ある80歳代のおばあちゃん。娘一家と同じ屋根の下に暮らしている。物忘れが進み、最近では食べたことすらすぐに忘れてしまう。それでも、明るくて面倒見のいいおばあちゃんはみんなの人気者だ。今年、年女。

そんなおばあちゃんの大好物は餅。誤嚥性肺炎で何度か入院したことのあるおばあちゃんにとって、餅は最も危険な食べ物のひとつ。周囲の心配をよそに、おばあちゃんは上手に餅を食べる。多い日には10個を平気で平らげてしまう。

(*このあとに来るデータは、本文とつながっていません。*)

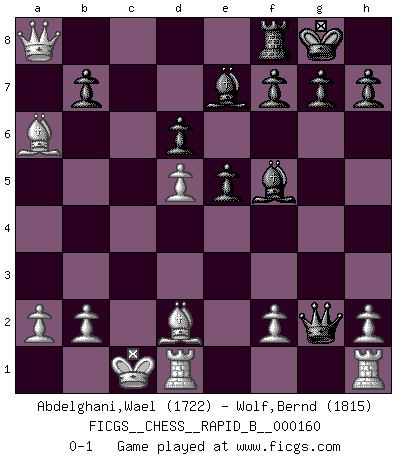Last move : 0-1 2010 September 26 1:25:36 [Event "FICGS__CHESS__RAPID_B__000160"] [Site "FICGS"] [Date "2010.09.18"] [Round "1"] [White "Abdelghani,Wael"] [Black "Wolf,Bernd"] [Result "0-1"] [WhiteElo "1722"] [BlackElo "1815"] 1.e4 c5 2.Nf3 Nc6 3.d4 cxd4 4.Nxd4 Nf6 5.Nc3 e5 6.Ndb5 d6 7.Nd5 Nxd5 8.exd5 Nb8 9.Qf3 a6 10.Qa3 Be7 11.Bd2 O-O 12.Bb4 Qd7 13.c4 axb5 14.Qxa8 Na6 15.Bd2 bxc4 16.Bxc4 Qg4 17.Bxa6 Qxg2 18.O-O-O Bf5 0-1 Sicilian : Pelikan (Lasker/Sveshnikov) variation Kingside Castling by player Black (move 11) Queenside Castling by player White (move 18) Player Black won this chess game. Follow this game move after move (download)If a ruler does not understand Chess, how can he rule over a kingdom ? (King Khusros II) Ein Remis kann durch Wiederholung von drei Zügen oder durch einen schlechte Zug erreicht werden. (Savielly Grigorievitsch Tartakower) Yo siempre he tenido un ligero sentimiento de lástima por una persona que no tiene conocimiento del Ajedrez. (Siegbert Tarrasch) Aux échecs, les retours au sommet sont rares : les dommages psychologiques consécutifs à une défaite sont trop sévères. (Daily Telegraph) Cactus - It is depressed cucumber. (Ilmars Cirulis)
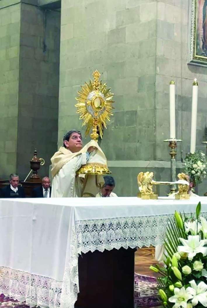 "HoycelebramoslaSolemnidaddelCuerpo ySangredeCristo,undíaparareflexionar sobreelamorinmensodeJesúspresenteen laEucaristía",indicoensuhomilía,Monseñor RaúlGómezGonzález,arzobispodela ArquidiócesisdeToluca,alcelebrarlamisayla solemneprocesióndelSantísimoSacramento. Laceremoniareligiosaalaquesedieroncita numerososfielesquellenaronlaCatedralpara participarenesteactodefeyreflexión,escucharonconatenciónlaspalabrasdeMonseñor RaúlGómez,quienhizounllamadoaprofundizarenlafeyenelamorhacialaEucaristíay concientizarnosdequeelCuerpoylaSangre deCristoesnuestracomidaespiritualquenos alientaaavanzarporelcaminodelasantidad, "participemosdelaeucaristíaqueeselalimentopropiodeloshijosdeDios",dijo. Posteriormente,elArzobispodela ArquidiócesisdeToluca,encabezolaprocesión,
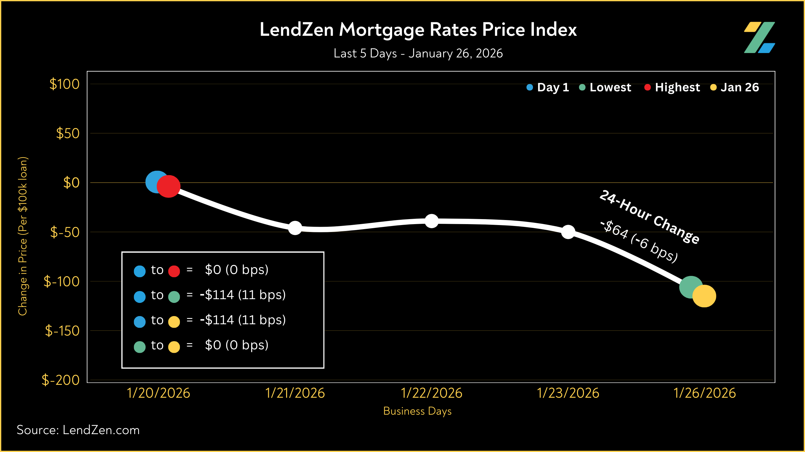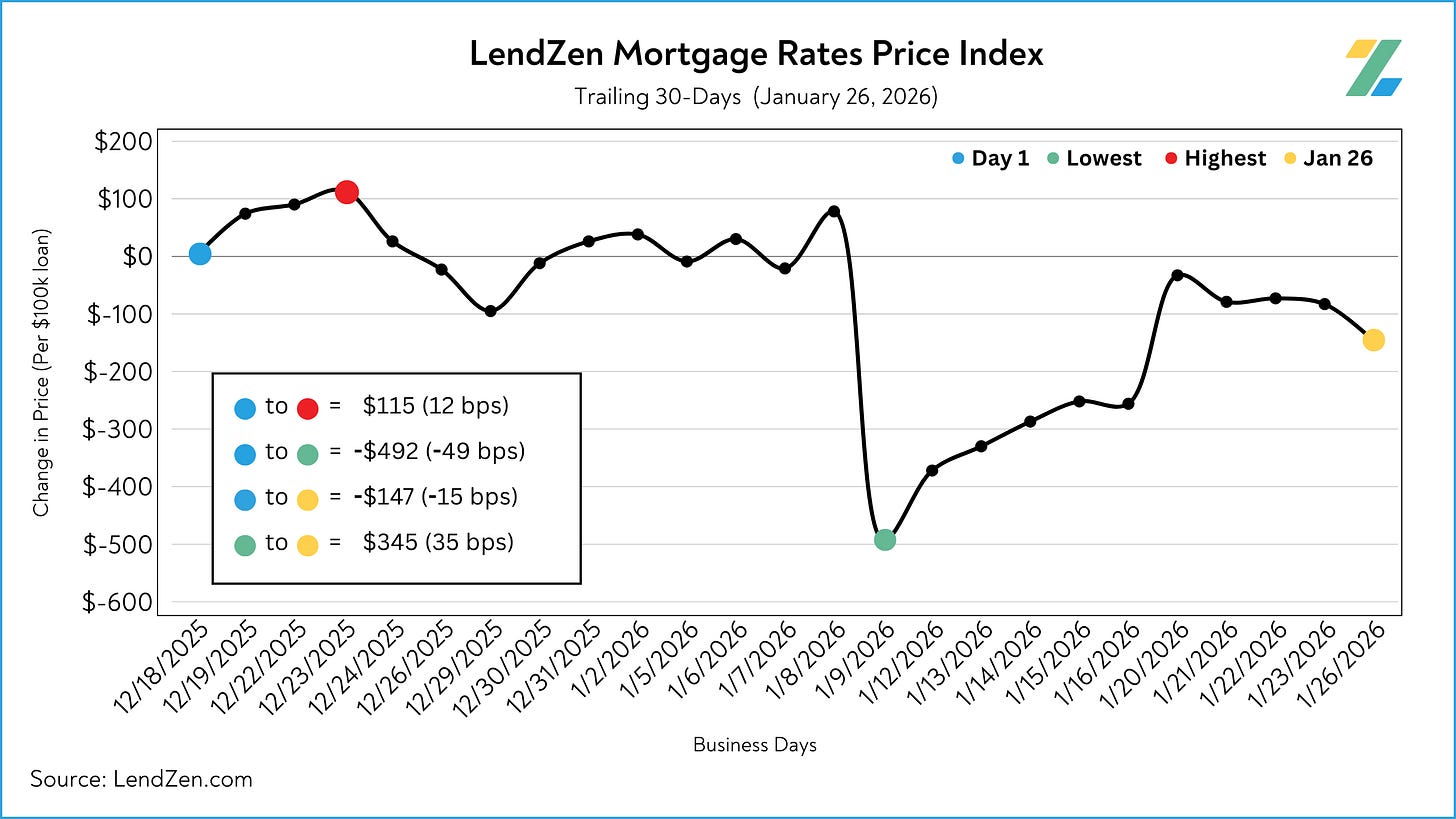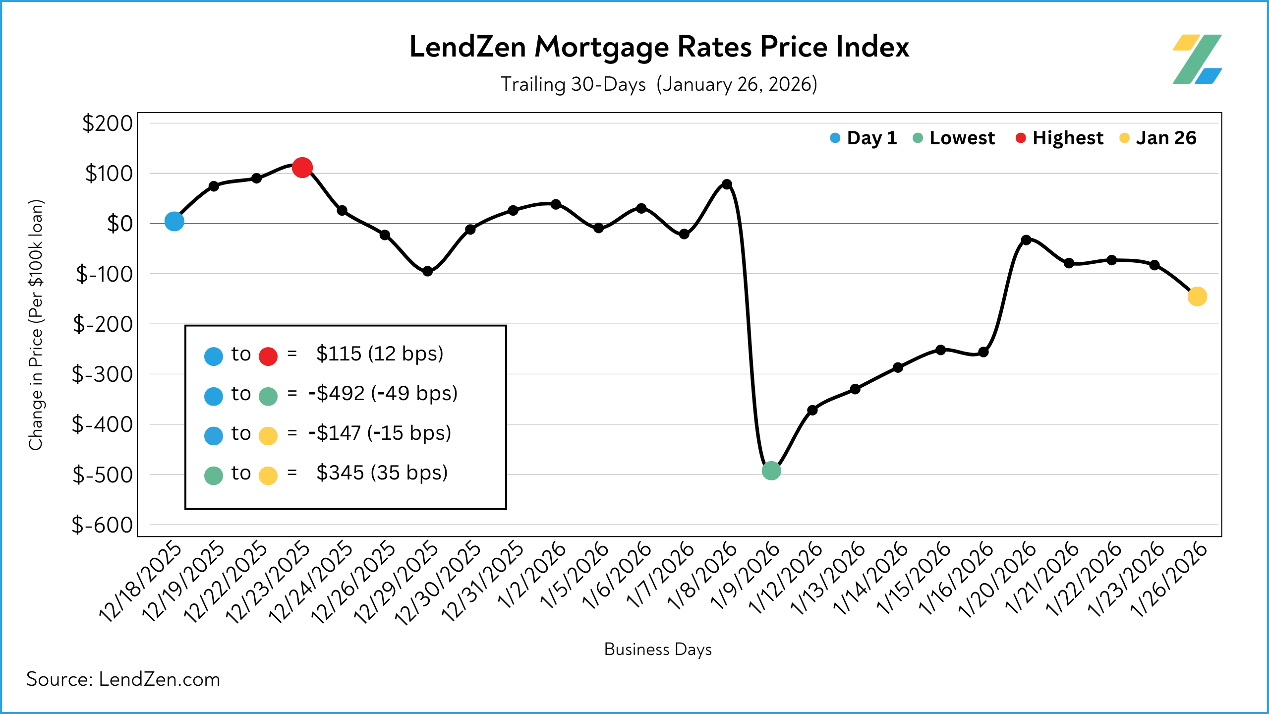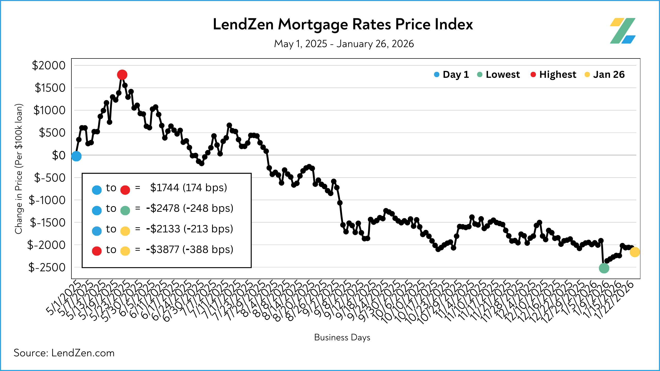 The LendZen Index tracks the price of mortgage rates across a spectrum of mortgage-backed securities.

おばあちゃんにはもうひとつ厄介な持病があった。それは糖尿病。この時期、血糖値が上がる。家族が餅を隠しても、おばあちゃんはすぐに見付けて焼いて食べる。焼いていることを忘れ、餅を焦がしてしまうこともしばしば。おばあちゃんは丁寧に手で焦げた部分をはがして食べる。その姿は、失礼ながら今年の干支を連想させ、何とも愛らしい。

ある日のこと。台所に煙が充満しているのをたまたま冬休みで家に居た孫が発見し、事なきを得た。普段は穏やかな娘もこの時ばかりは怒り心頭。家にあった餅をすべて近所や親しい人に配り、おばあちゃんには「餅は腐ってしまったので、全部捨てたよ!」と冷たく言い放った。おばあちゃんは一晩中、餅を腐らせた(?)ことを悔やんだ。

次の日の朝、デイサービスの送迎車がおばあちゃんを迎えに来た。娘が小さな折箱を携え、「いつもお世話になります。皆さんで食べてください」とスタッフに手渡そうとしたところ、そばにいたおばあちゃんは感じるものがあったのか、その中身をチェック。餅であることがわかると「これは腐っとるけえ食べちゃいけんよ!」としきりにアピール。戸惑うスタッフに娘は何と言い訳をすればいいのやら、苦笑いでごまかすのがやっとだった。

「どうしてこんなことだけしっかり覚えているんでしょう。大抵のことはすぐに忘れてしまうのに。ショッキングな出来事は心に残るものなんですね」。反省を込めたその言葉から、認知症の母親を気遣う娘の複雑な心情が伝わってくる。